*** RECORDED DATA ***
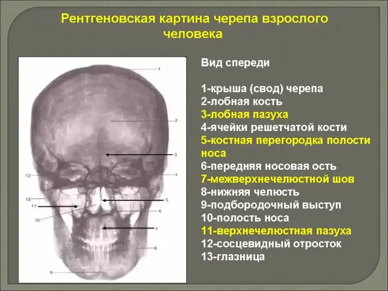 - Рентгенограмма черепа человека. Виды костей. Понятие "Пневматические кости".
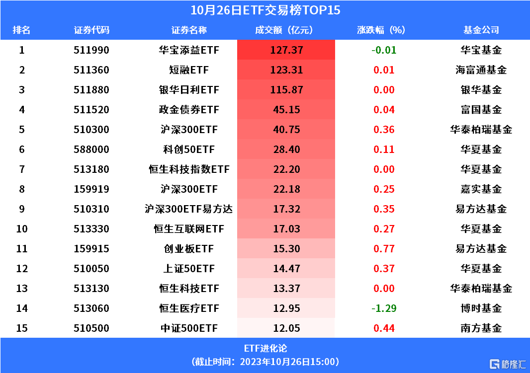 今日交易榜前三为银华日利ETF、海富通基金短融ETF和华宝添益ETF,连续两日三只ETF成交额均破百亿。
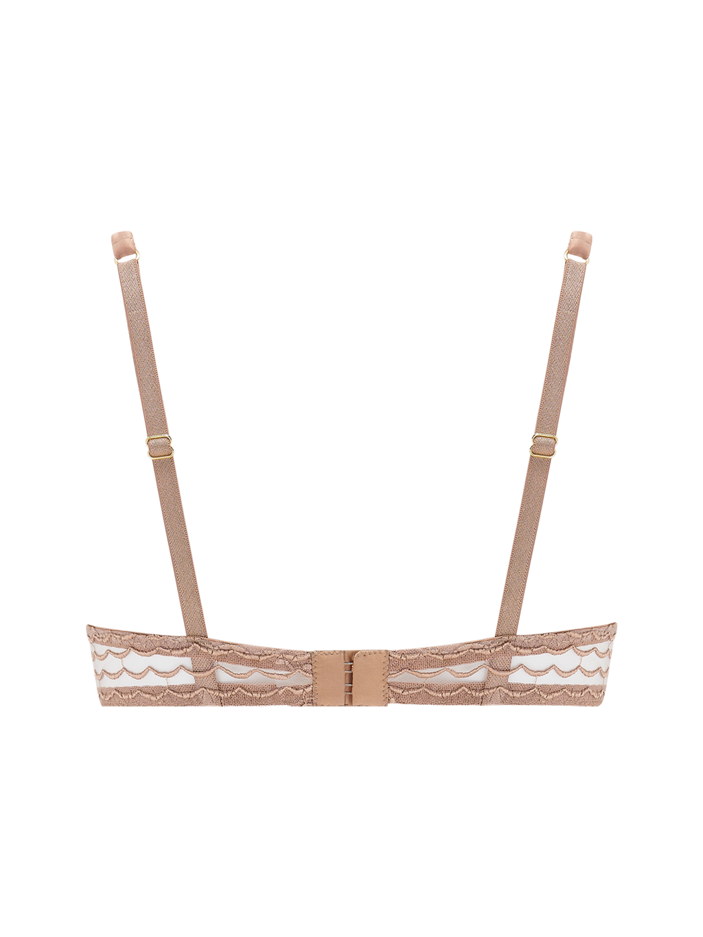 Sumptuous satin blends with waves of nude embroidery in a demi shaped cup with a wired structure, giving a gentle lift and a beautiful silhouette.
*** End of RECORDED DATA ***
# HOW TO COMPLETE THIS TASK
Every line above is to be returned exactly, with its pictures removed.

# ANSWER FOR THE TASK
 - Рентгенограмма черепа человека. Виды костей. Понятие "Пневматические кости".
 今日交易榜前三为银华日利ETF、海富通基金短融ETF和华宝添益ETF,连续两日三只ETF成交额均破百亿。
 Sumptuous satin blends with waves of nude embroidery in a demi shaped cup with a wired structure, giving a gentle lift and a beautiful silhouette.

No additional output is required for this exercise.